Shown below are entries with pictures; the line with "The Bible Reading" through the line with "Sinti (Tyosi) tide" is the span to retype exactly, and the pictures stay out.

INPUT DATA =>
┌──
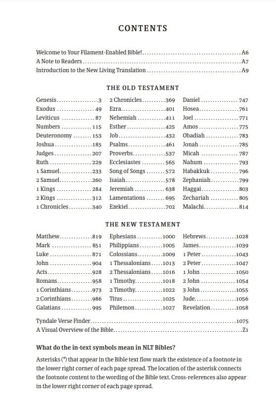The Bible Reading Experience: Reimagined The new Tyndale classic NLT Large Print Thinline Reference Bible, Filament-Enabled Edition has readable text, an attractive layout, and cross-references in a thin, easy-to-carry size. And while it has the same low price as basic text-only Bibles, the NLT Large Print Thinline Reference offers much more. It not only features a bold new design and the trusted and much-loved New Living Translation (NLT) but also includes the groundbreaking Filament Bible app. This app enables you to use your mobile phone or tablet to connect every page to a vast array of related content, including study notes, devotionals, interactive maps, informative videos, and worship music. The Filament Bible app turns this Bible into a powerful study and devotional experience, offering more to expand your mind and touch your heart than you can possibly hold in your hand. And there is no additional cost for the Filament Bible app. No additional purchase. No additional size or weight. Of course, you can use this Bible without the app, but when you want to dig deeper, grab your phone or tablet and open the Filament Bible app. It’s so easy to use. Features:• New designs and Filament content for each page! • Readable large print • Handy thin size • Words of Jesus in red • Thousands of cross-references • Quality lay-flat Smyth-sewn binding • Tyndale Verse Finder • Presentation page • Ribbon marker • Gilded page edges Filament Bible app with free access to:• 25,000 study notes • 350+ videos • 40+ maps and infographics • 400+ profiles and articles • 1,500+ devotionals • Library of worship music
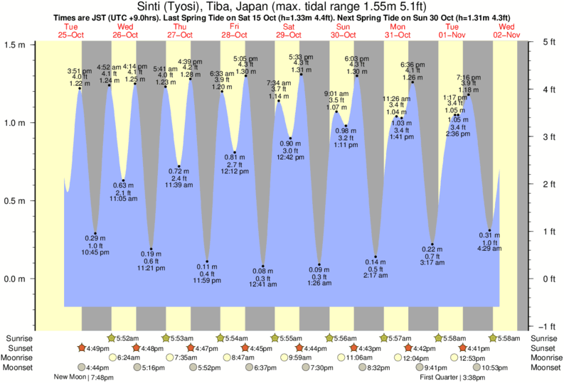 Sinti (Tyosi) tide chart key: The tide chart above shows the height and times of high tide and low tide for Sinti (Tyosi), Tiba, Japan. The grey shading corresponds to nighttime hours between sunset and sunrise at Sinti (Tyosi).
└──
┌──
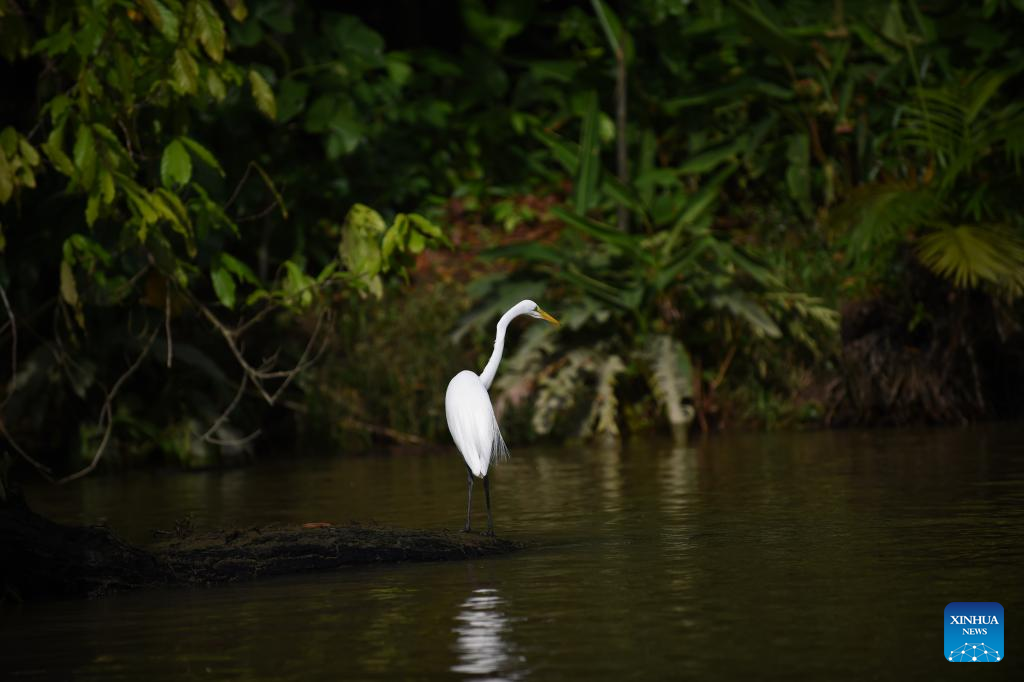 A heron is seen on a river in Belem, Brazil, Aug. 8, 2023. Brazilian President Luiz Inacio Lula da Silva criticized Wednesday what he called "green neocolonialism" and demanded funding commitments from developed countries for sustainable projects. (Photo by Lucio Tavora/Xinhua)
└──
┌──
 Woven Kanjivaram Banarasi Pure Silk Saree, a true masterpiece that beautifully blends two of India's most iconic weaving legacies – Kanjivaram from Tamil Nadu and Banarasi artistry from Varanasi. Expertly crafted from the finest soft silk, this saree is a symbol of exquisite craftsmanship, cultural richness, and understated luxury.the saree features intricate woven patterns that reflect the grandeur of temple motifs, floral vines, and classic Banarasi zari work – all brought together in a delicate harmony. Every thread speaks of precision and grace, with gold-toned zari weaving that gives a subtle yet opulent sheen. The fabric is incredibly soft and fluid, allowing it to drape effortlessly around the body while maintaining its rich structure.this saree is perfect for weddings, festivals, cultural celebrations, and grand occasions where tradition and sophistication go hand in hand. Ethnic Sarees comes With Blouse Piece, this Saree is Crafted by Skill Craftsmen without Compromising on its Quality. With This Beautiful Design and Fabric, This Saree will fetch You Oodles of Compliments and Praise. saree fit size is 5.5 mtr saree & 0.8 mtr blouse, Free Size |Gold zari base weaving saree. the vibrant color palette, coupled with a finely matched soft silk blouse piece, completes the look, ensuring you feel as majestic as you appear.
└──
EXERCISE RESPONSE =>
The Bible Reading Experience: Reimagined The new Tyndale classic NLT Large Print Thinline Reference Bible, Filament-Enabled Edition has readable text, an attractive layout, and cross-references in a thin, easy-to-carry size. And while it has the same low price as basic text-only Bibles, the NLT Large Print Thinline Reference offers much more. It not only features a bold new design and the trusted and much-loved New Living Translation (NLT) but also includes the groundbreaking Filament Bible app. This app enables you to use your mobile phone or tablet to connect every page to a vast array of related content, including study notes, devotionals, interactive maps, informative videos, and worship music. The Filament Bible app turns this Bible into a powerful study and devotional experience, offering more to expand your mind and touch your heart than you can possibly hold in your hand. And there is no additional cost for the Filament Bible app. No additional purchase. No additional size or weight. Of course, you can use this Bible without the app, but when you want to dig deeper, grab your phone or tablet and open the Filament Bible app. It’s so easy to use. Features:• New designs and Filament content for each page! • Readable large print • Handy thin size • Words of Jesus in red • Thousands of cross-references • Quality lay-flat Smyth-sewn binding • Tyndale Verse Finder • Presentation page • Ribbon marker • Gilded page edges Filament Bible app with free access to:• 25,000 study notes • 350+ videos • 40+ maps and infographics • 400+ profiles and articles • 1,500+ devotionals • Library of worship music
 Sinti (Tyosi) tide chart key: The tide chart above shows the height and times of high tide and low tide for Sinti (Tyosi), Tiba, Japan. The grey shading corresponds to nighttime hours between sunset and sunrise at Sinti (Tyosi).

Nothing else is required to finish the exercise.